Summary: Jesus' temptation teaches how to handles life temptations.
How to Resist Temptation
Welcome on this Valentine’s Day. It is ironic that this is also the First Sunday in Lent. Lent is generally that season of the year when people have chosen a favorite treat or some vice to give up for these six weeks.
One man said his children traditionally gave up something like candy for Lent. Last year, however, he urged them to go beyond that to giving up some habit or sin that they knew was bad for them. About halfway through Lent he asked the children how they were doing with their Lenten promise. His youngest son had promised to give up fighting with his brothers and sisters during Lent.
When his father asked him how it was going, the boy replied, “I’m doing pretty good, Dad--but boy, I can’t wait until Easter!” (1)
Anyone who has given up something they love can empathize with that little boy. A good friend of mine is an ice tea drinker. He gave it up for Lent. He said everywhere he went, it seemed like ice tea was being served. He told me, at Subway, at the church, even in his home, a guest, not knowing his commitment, ask for, you guested it. Iced tea. He said the temptation was almost unbearable. He even said, “I can’t wait for Easter.”
Temptation does have a way of unraveling our lives, unnerving us, and often breaking our will. Maybe that is why the first lesson we are supposed to look at during Lent is Jesus’ Temptation.
This morning I would like for us to look at what temptation is not. Then see what temptation is. Because when we know what is really is, we will be better prepared to face it.
If you would like take out your notes in the worship program, and open your bibles to Luke chapter 4, put a finger in there, and open the Bible also to James Chapter one. I will give you a minute to do this.
First, What Temptation is not.
Temptation is not sin. Too many people go through life feeling guilty because they are tempted. Let me repeat that Temptation is not sin. Some people believe if you are tempted to sin, you have already sinned. No!
Listen to Hebrews 4:15 For we do not have a high priest who is unable to empathize with our weaknesses, but we have one who has been tempted in every way, just as we are—yet he did not sin.
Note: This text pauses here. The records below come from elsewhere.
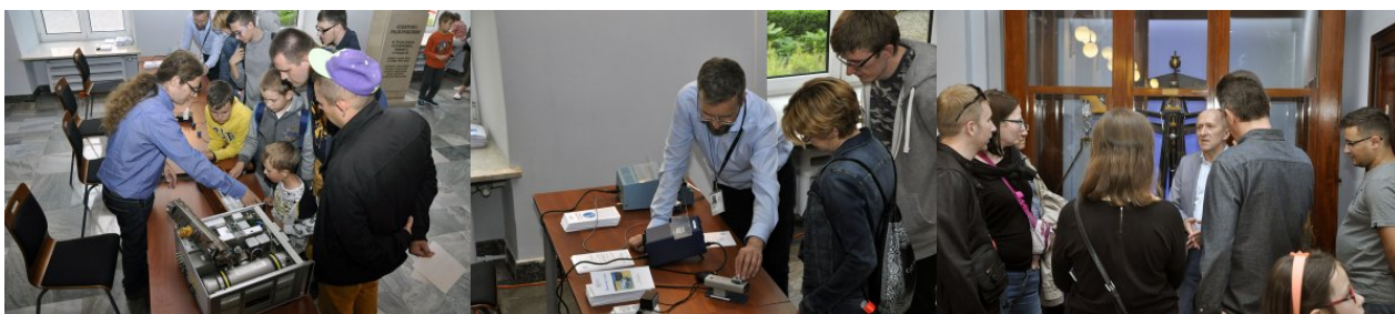
Stoisko Laboratorium Czasu i Częstotliwości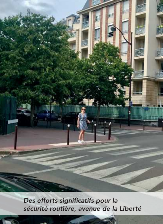
Des efforts significatifs pour la sécurité routière, avenue de la Liberté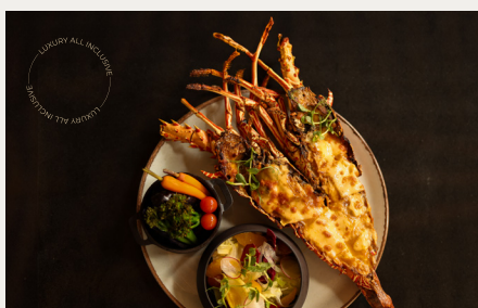
Мальдивский Лобстер Термидор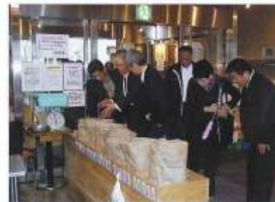
近江米のコーナーを熱心に見ている委員達

近江米を中心とした、地場農産物の販売等を行っている。平成18年4月から指定管理者として㈱小杉農園が管理運営している。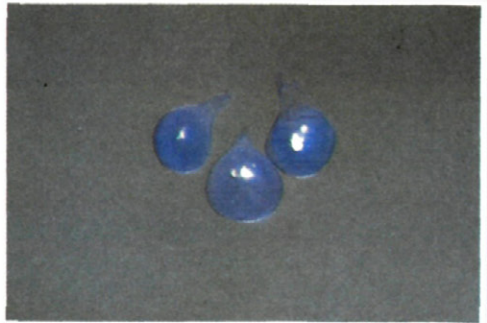
Fig. 3.—Hembras de M. incognita vistas al microscopio estereoscópico ( \times 32 ) (teñidas).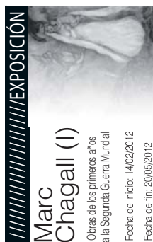
EXPOSICIÓN Marc Chagall (I) Otras de los primeros años a la Segunda Guerra Mundial Fecha de inicio: 14/02/2012 Fecha de fin: 20/05/2012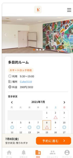
スマートフォン版 施設予約ページ

「彩都スマートシティコンソーシアム」（※1）では、彩都におけるスマートシティの実現に向けて、7月8日、株式会社フォーシーカンパニーが運営する「彩都スタイルクラブ」（※2）の会員向けポータルサイト「彩都NAVI」を、株式会社ビットキーが提供する「homehub」（※3）を利用して刷新しました。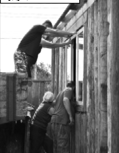
Строительство будущего магазина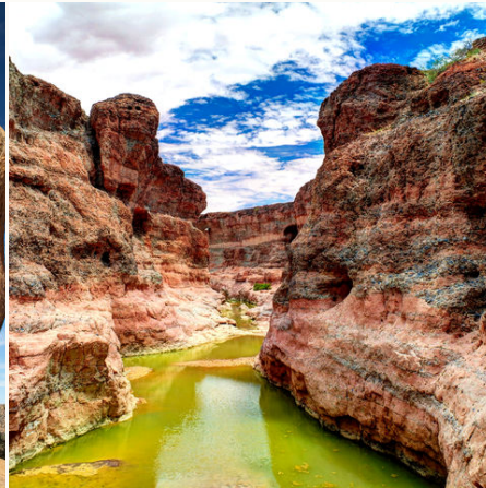
Schlucht im Sesriem Canyon, Sossusvlei, Namibia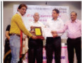
Special Recognition Award on National PR Day - 2018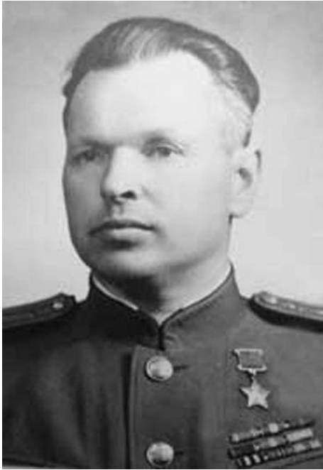
6 января 1905 г. 115 лет со дня рождения Георгия Григорьевича Тарасова (1905–1973)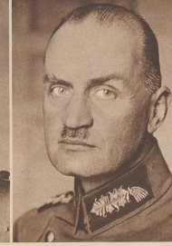
Generaloberst von Blaskowitz Oberbefehlshaber der 8. Armee. Generaloberst von Blaskowitz, cdt en chef la 8 e armée.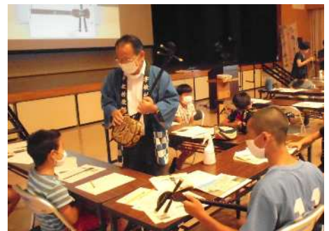
島口・島唄の教育活動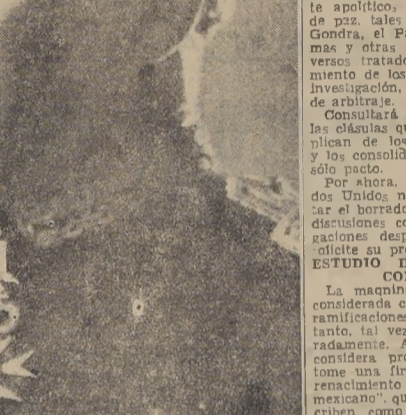
Excmo. señor Oscar Benavides, Presidente de la República del Perú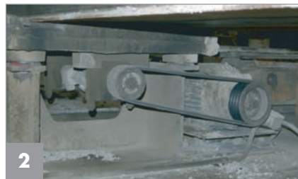
Ehemalige, keilriemengetriebene Verdichtungseinheit

Die seit Jahrzehnten installierte Elektromechanik zur Betonverdichtung bestand aus Antriebsmotoren, die über Keilriemen Exzenterwellen antrieben. (Abb. 2) Hiervon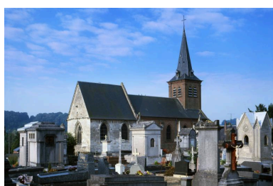
Vue partielle du cimetière, depuis le nord-est, avec l'église en arrière-plan. IVR22_20000202913XA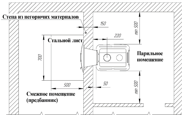
Рисунок 2. Схема установки печи. Вид сверху

Temptation is not sin. In our lesson today we read: Luke 4:1 Jesus, full of the Holy Spirit, left the Jordan and was led by the Spirit into the wilderness, where for forty days he was tempted by the devil.
Would the Holy Spirit lead Jesus into sin, God forbid. Yes, Jesus was tempted to sin, but he did not. Temptation is not sin.
Listen to how the Apostle James explains it in the book of James chapter one.
James 1:14 but each person is tempted when they are dragged away by their own evil desire and enticed.
James 1:15 Then, after desire has conceived, it gives birth to sin; and sin, when it is full-grown, gives birth to death.
In the little church I grew up in at Muncie, Indiana, there was a short, chunky, gray haired lady. Correction, she said she was pleasingly plump. Anyway, at a Bible study we were discussing temptation. I still remember her words that day. She turned her head sideways, the way she did before she spoke, then said, “You may not be able to stop a bird from flying over your head, but you can stop it from building a nest in your hair.”